# Source records
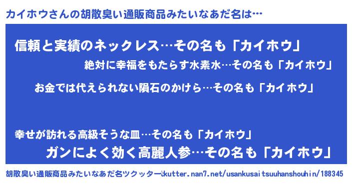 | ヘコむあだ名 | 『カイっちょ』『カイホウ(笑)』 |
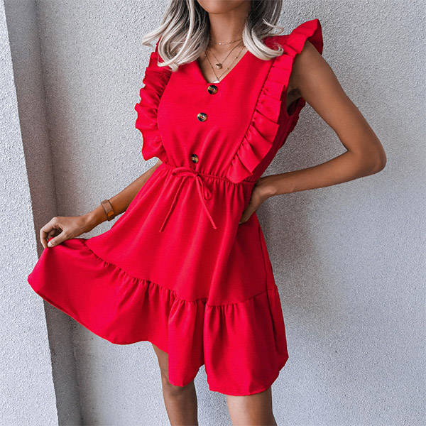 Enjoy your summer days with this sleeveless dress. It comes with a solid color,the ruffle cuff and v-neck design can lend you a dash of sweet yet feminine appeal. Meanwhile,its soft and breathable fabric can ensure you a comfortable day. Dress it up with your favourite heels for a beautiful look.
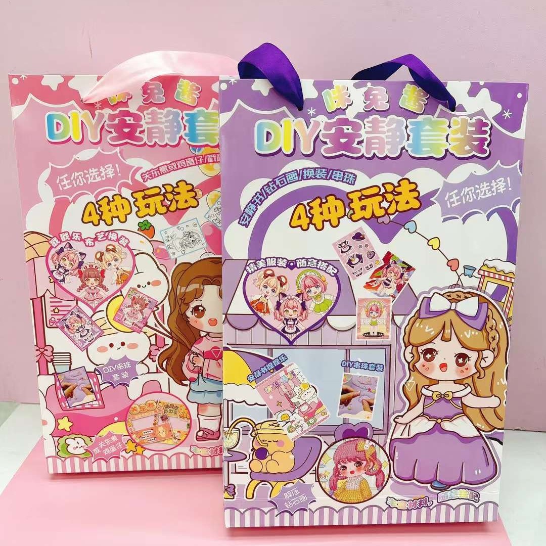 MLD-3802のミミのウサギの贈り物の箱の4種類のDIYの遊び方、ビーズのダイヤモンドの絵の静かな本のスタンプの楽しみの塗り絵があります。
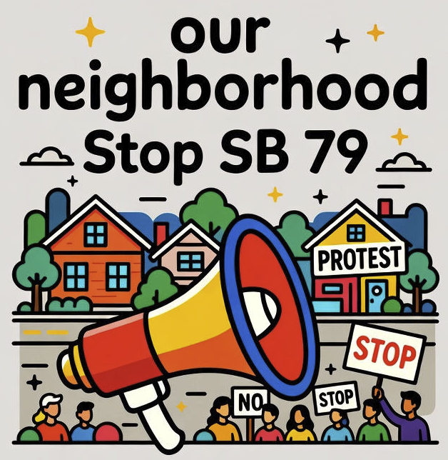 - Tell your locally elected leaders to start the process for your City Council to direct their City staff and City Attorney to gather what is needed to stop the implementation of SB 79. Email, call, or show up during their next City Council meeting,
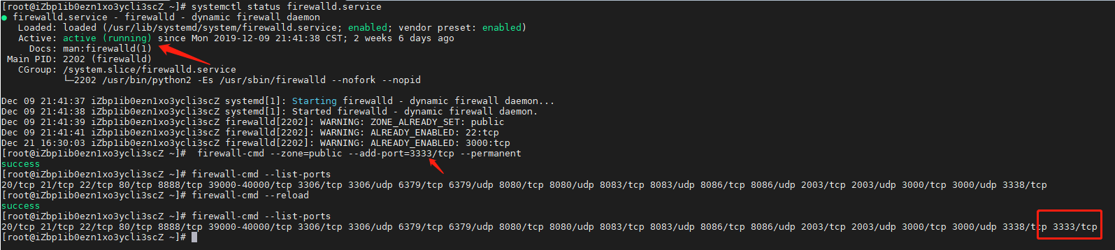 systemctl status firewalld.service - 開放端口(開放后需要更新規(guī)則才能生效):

# The problem
Every line from the one containing "MLD-3802のミミのウサ" through the last line of the data is to be retyped exactly, with nothing added and no pictures included.

# Solution
 MLD-3802のミミのウサギの贈り物の箱の4種類のDIYの遊び方、ビーズのダイヤモンドの絵の静かな本のスタンプの楽しみの塗り絵があります。
 - Tell your locally elected leaders to start the process for your City Council to direct their City staff and City Attorney to gather what is needed to stop the implementation of SB 79. Email, call, or show up during their next City Council meeting,
 systemctl status firewalld.service - 開放端口(開放后需要更新規(guī)則才能生效):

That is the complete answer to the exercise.